My two cents, also from a non-expert:
I think Doug is right about the reflected power not necessarily being lost
(i.e., being available to be radiated), but it depends on the impedance
match between the finals and the antenna/feedline. My understanding is that
if the impedances are matched, then the amp delivers all of its power to
the feedline/antenna. If the impedances are not matched, then it does not.
If the plate output impedance is not properly matched to the load
impedance, by using the amp's output network (and possibly an external
antenna tuner), then the reflected power will be dissipated by the plate
in the form of heat. This heat represents power that is not getting to the
feedline/antenna and hence will not be radiated. In this case, you do have
to subtract the reflected power from the forward power to get the actual
power delivered to the antenna.
When the amp's output network is properly tuned to the load, then the
finals do not see any reflected power, and should deliver all of their
available power into the output network. Normally, you can't see this on
the meter because forward and reflected power are typically measured after
the output network. If the output network is properly designed and tuned,
then I believe that it will also deliver all of the power into the
feedline. When the initial impedance mismatch exceeds the capabilities of
the output network, then an external tuner can be used to effect a match.
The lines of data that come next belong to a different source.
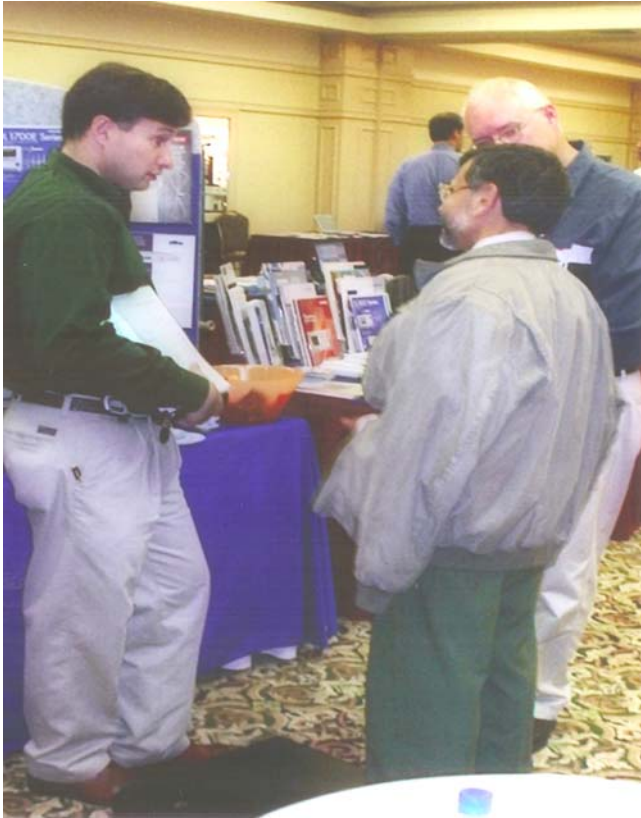
Sharing product information about new releases and upgrades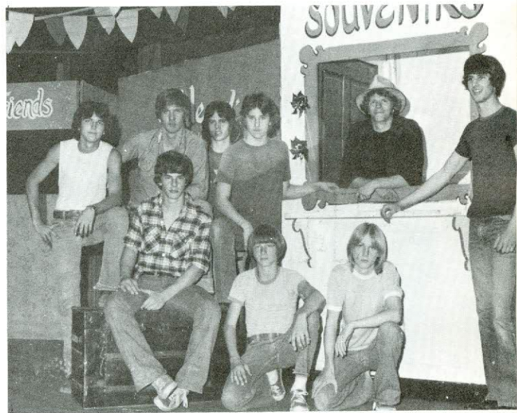
These roustabouts serve as the stage crew and also sing with the chorus.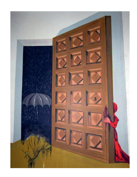
III. 1 [Salvador Dalí, The Girl who Trod on the Loaf, 1966. Colored lithograph on paper based on Dalí's original gouaches illustrating Hans Christian Andersen's fairy tales, 65.4 x 50.5 cm. ]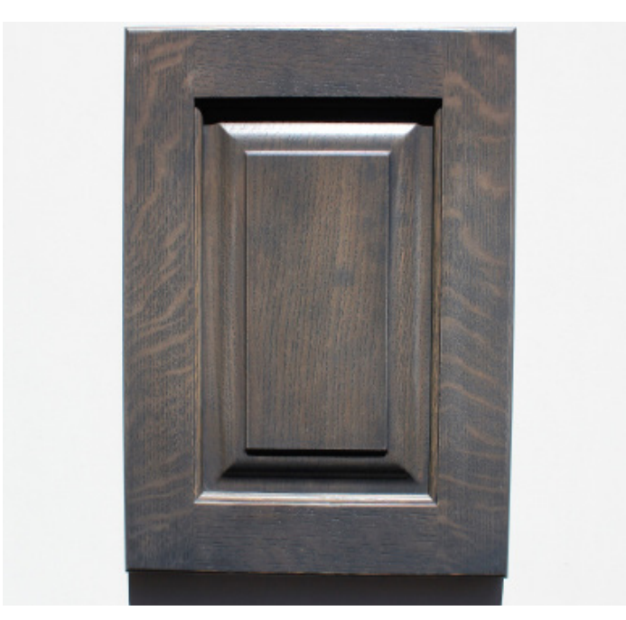
Miter Door for Anthias

Again, in theory, 100% of the available plate output power should be
delivered to the feedline/antenna when the impedances are matched.
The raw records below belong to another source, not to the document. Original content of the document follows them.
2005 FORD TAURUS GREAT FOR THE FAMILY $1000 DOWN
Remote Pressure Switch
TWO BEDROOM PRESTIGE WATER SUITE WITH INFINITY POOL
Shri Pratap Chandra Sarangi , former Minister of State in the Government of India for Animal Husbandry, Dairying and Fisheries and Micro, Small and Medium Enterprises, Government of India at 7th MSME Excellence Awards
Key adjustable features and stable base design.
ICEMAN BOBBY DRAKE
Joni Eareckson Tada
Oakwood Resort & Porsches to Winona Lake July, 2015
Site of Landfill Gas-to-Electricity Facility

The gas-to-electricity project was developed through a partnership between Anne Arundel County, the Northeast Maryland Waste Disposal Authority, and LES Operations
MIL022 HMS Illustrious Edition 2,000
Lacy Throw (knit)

However, there is one caveat to that theory: heat dissipation by the output
or tuning network. Take a look at the latest QST for information on how
some popular antenna tuners dissipate a significant percentage of output
power as heat when called upon to match tough loads. The percentage seems
to be very dependent on tuner design and build. This leads me to believe
that it is also possible to lose power through heat dissipation in the
amp's output network if it is not properly designed or if it is used
outside of its operating parameters (does anyone know if this can actually
happen?) In both cases, this heat dissipation represents power that is not
getting to the feedline/antenna. However, this applies to unusually
difficult amtching situations and I have no idea how you would measure the
heat dissipation and subtract its effect from the power reaching the
antenna/feedline. Therefore, let's ignore this caveat.
I think we can assume that in the case of a properly matching a typical
load with a well-designed output and matching network, all of the power
gets to the feedline. I know absolutely nothing about how a mismatch
affects feedline losses, but would love to hear about it from someone on
this reflector. Supposedly, it's a myth that coax feedlines radiate when
there's a mismatch, so power won't be lost there. Do they ever get hot?
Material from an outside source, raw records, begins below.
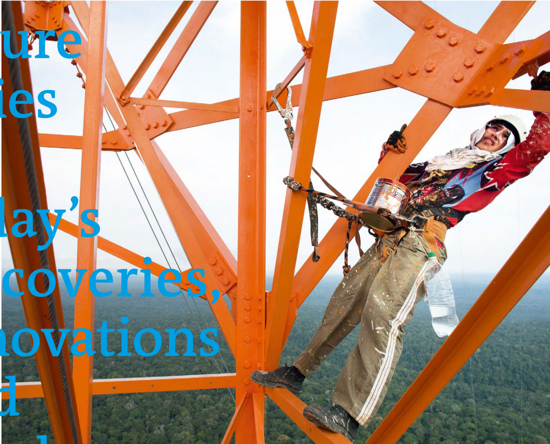
Projects like the Amazon Tall Tower Observatory will help our generation to learn and develop solutions for the future.

What are the issues and innovations that are going to determine our future? Who are the people working on solutions to regional, international and global problems? That's what DW's journalists are determined to find out. Whether it is in the rain forests of Guyana or the lab in Berlin, our journalists are exploring the world of science and technology so that users have a better grasp on many of the issues that can and eventually will affect us all.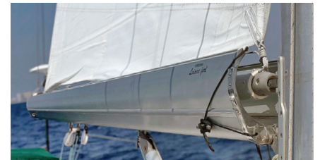
Elegant Tapered Styling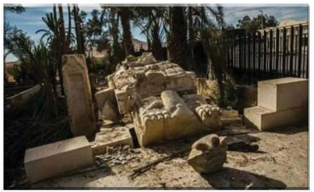
2016 Fig. 8. Statue of Assad Allat after the war and view before 2010 Рис.8. Статуя Асада Аллата после войны и вид до 2010 г.

remained until today (Mikhalovski, K. 1961–1962, p. 155–161.).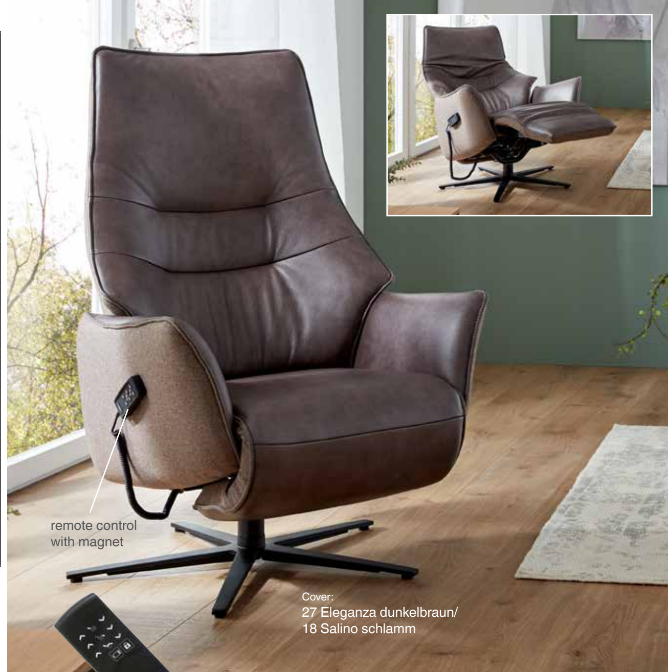
remote control with magnet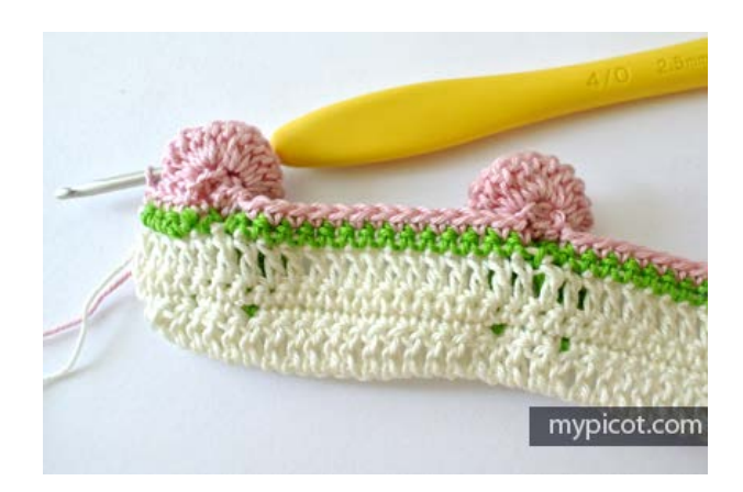
Row 7: Make 3ch, skip first st, work 1tr/dc in each of next dc/sc below, turn.

work rosebud, 1dc/sc in each of next 5dc/sc below, turn.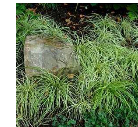
GCo - Grass, Carex o. 'Evergold'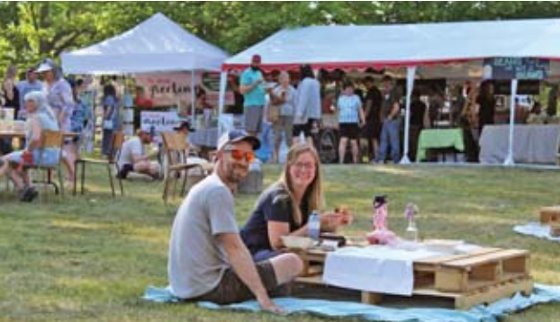
Visit the first Kingston Farmers Market of the 2024 season and get to know some of the local producers in your community, talk to them and see what they are about. June 6, there will be over 50 vendors, live music, a fun photo booth, a kids' area with a free craft, food trucks, a community puzzle and other experiences. Submitted

If all of the power gets to the antenna, then that raises the whole issue
of antenna radiation efficiency. Let's say that you have an 80 meter
dipole, and use your antenna tuner to match the amp at 160 meters. In
theory, with a proper match all of the power gets to the load. But we know
that under these circumstances the antenna will be a lousy radiator. What
happens to the power? My guess is that it heats up the antenna or coax (or
both). Anybody know?
To address the original question about the FCC power limit of 1500 watts
PEP, I'm sure that the limit applies to the power output by the transmitter
when it is properly matched to the load (which represents the maximum power
that can be dumped by the transmitter into the feedline.) In this case,
when you measure 2500 watts forward power and 1000 watts reflected power,
you are breaking the rules. You would have to scale back the output power
to 1500 watts to be operating legally. In other words, what happens after
the power leaves your transmitter is your problem. If the antenna and/or
feedline waste power, too bad. At least you will not exceed the limit. If
the antenna is a lousy radiator, that doesn't mean you get to pump in more
power. The good news is that if the antenna is a great radiator and
concentrates most of the power in one direction, effectively giving you
many multiples of the transmitter power in gain, you don't have to reduce
the output power!
Dick, WC1M
----------
> From: Doug.Hall. <dhall@jps.com>
> To: amps@contesting.com
> Subject: Re: [AMPS] Lets chew on this
To: <amps@contesting.com>
> Date: Wednesday, March 05, 1997 11:00 AM
>
> Tom Rauch (W8JI) <W8JItom@worldnet.att.net> wrote:
> >
> >If you have 2500 watts forward, and 1000 watts reflected, it is 1500
> >watts output.
> >
> >73 Tom
>
> No wonder you have such a big signal :-)
>
> Seriously, I'll be the first to admit that I'm no expert here, but
this
> seems totally incorrect to me. What happens to the 1000 watts of
reflected
> power? Does it come back into the amp and just sit there? Of course not!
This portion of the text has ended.